• Supplied data
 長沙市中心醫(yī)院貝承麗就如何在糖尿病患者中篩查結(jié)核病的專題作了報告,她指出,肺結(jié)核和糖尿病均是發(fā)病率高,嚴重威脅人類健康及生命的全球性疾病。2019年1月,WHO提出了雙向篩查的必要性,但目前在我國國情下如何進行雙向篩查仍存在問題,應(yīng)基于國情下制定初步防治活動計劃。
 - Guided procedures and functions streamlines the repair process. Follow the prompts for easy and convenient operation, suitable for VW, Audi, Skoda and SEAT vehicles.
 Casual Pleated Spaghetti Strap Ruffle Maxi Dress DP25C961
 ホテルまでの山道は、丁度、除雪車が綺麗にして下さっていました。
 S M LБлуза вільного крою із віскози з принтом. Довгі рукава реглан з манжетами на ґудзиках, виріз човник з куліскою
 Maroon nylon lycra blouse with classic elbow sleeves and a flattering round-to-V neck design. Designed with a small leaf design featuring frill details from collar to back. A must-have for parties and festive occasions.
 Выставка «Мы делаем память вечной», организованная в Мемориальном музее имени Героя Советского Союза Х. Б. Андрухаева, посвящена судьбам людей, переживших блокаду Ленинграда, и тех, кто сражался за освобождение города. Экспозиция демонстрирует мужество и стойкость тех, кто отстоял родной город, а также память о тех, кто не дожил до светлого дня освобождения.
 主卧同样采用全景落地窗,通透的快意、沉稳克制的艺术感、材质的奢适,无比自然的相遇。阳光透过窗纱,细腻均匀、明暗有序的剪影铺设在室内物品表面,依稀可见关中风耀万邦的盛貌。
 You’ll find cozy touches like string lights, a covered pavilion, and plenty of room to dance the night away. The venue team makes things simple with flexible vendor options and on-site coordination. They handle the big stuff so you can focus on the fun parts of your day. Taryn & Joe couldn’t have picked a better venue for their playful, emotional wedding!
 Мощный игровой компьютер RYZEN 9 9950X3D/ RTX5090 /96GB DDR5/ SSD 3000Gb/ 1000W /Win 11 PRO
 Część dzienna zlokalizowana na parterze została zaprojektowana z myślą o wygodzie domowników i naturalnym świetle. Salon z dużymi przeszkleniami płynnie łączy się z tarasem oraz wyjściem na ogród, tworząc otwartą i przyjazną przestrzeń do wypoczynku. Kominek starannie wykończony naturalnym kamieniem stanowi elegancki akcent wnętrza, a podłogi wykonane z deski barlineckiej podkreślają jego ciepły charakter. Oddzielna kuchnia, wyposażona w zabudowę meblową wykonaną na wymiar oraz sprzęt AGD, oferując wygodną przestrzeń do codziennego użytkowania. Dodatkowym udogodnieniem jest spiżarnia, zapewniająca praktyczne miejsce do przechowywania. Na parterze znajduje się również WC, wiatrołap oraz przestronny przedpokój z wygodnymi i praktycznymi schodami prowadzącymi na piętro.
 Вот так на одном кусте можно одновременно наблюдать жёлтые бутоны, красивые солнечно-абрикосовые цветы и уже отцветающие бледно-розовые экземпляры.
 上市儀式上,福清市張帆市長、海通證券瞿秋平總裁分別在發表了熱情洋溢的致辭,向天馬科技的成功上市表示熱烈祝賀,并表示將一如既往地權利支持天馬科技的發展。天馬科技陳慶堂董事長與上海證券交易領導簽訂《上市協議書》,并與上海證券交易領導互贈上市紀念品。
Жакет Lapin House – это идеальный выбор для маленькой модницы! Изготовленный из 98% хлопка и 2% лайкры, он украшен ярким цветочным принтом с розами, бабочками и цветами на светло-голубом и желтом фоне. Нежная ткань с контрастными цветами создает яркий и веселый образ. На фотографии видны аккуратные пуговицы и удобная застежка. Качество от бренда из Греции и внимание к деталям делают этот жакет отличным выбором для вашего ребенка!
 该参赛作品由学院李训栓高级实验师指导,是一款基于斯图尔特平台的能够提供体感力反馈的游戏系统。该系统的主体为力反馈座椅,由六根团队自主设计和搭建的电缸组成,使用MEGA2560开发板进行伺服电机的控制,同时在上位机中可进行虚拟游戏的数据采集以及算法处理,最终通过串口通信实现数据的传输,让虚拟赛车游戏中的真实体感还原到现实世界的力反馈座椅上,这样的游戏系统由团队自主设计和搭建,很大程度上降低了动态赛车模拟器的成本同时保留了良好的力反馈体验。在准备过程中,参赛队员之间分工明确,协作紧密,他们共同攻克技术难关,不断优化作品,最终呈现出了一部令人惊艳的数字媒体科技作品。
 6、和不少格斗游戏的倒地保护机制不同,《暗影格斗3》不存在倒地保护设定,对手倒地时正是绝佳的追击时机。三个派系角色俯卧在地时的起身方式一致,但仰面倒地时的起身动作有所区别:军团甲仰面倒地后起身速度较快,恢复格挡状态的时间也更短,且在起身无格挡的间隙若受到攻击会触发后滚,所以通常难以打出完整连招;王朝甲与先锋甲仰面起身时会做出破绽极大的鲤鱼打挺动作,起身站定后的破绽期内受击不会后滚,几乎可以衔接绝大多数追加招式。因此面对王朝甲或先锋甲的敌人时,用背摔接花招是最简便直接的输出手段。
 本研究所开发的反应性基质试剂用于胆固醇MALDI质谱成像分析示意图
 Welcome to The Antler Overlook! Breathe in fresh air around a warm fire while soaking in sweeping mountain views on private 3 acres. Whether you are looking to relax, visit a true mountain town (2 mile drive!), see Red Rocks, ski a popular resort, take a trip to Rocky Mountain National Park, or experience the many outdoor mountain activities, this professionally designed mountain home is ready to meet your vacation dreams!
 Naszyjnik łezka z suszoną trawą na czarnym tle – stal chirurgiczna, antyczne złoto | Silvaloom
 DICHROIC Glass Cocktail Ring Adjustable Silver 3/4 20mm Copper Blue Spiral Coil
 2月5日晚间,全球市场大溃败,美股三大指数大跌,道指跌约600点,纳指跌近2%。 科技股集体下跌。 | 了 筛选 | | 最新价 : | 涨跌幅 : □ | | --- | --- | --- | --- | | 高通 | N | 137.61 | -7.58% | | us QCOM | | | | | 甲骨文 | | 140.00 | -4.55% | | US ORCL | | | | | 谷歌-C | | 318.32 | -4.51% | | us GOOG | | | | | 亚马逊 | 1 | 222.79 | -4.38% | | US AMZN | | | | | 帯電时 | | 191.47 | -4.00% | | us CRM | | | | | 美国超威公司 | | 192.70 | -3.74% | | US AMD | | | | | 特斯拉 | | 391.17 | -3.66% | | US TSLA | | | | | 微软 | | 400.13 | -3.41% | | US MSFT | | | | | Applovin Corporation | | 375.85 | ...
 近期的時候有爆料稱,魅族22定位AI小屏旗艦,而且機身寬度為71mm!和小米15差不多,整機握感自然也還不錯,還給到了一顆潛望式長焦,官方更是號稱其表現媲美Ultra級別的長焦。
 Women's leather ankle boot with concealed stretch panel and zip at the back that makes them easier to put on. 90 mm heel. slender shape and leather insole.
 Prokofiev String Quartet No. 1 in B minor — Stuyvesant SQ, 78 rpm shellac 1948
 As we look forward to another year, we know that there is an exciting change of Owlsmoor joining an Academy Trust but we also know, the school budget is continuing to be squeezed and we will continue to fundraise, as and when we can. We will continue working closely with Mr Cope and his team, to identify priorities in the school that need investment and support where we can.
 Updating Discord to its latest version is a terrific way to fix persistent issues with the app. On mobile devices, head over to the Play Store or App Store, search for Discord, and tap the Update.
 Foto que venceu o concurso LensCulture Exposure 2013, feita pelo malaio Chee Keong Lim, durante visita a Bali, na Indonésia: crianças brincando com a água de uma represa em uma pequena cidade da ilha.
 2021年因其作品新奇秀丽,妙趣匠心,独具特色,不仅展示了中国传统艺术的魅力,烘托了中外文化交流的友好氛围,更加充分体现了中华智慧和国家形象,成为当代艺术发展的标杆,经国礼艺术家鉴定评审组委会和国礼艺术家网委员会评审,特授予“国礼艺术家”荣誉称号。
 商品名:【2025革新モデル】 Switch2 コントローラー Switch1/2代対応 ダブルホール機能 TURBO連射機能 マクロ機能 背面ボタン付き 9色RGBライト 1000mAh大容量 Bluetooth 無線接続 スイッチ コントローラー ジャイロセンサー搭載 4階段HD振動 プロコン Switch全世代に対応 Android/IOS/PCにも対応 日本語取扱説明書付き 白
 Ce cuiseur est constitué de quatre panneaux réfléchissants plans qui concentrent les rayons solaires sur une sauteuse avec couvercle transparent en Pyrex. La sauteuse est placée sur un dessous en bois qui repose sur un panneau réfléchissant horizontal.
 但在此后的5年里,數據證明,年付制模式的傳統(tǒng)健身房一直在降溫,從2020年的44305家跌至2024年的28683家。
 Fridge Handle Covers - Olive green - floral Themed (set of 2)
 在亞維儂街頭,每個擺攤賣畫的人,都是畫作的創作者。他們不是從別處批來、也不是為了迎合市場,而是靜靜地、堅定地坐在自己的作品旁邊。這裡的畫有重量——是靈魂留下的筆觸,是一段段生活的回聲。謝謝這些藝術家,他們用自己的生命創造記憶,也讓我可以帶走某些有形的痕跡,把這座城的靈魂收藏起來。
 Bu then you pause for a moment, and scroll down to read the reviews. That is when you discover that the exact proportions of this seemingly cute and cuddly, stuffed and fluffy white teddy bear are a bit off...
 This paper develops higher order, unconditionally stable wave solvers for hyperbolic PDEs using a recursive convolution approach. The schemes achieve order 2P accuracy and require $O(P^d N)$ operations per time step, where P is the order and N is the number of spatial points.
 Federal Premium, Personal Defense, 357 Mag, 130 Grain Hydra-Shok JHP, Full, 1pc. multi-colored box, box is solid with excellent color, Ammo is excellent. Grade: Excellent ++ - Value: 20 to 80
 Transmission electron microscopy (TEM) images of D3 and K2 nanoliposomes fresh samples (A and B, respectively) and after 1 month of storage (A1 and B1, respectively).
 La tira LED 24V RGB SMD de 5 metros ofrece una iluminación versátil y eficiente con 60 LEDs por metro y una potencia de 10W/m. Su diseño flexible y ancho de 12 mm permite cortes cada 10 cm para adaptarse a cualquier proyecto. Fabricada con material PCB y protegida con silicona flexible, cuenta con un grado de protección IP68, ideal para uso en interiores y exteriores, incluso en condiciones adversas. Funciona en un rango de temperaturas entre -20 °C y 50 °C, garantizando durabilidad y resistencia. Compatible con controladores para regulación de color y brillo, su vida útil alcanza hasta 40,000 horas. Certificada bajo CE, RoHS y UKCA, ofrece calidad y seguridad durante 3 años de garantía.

• What the task asks
Return every line of the data above in which "have" appears.

• Problem solution
 Maroon nylon lycra blouse with classic elbow sleeves and a flattering round-to-V neck design. Designed with a small leaf design featuring frill details from collar to back. A must-have for parties and festive occasions.
 You’ll find cozy touches like string lights, a covered pavilion, and plenty of room to dance the night away. The venue team makes things simple with flexible vendor options and on-site coordination. They handle the big stuff so you can focus on the fun parts of your day. Taryn & Joe couldn’t have picked a better venue for their playful, emotional wedding!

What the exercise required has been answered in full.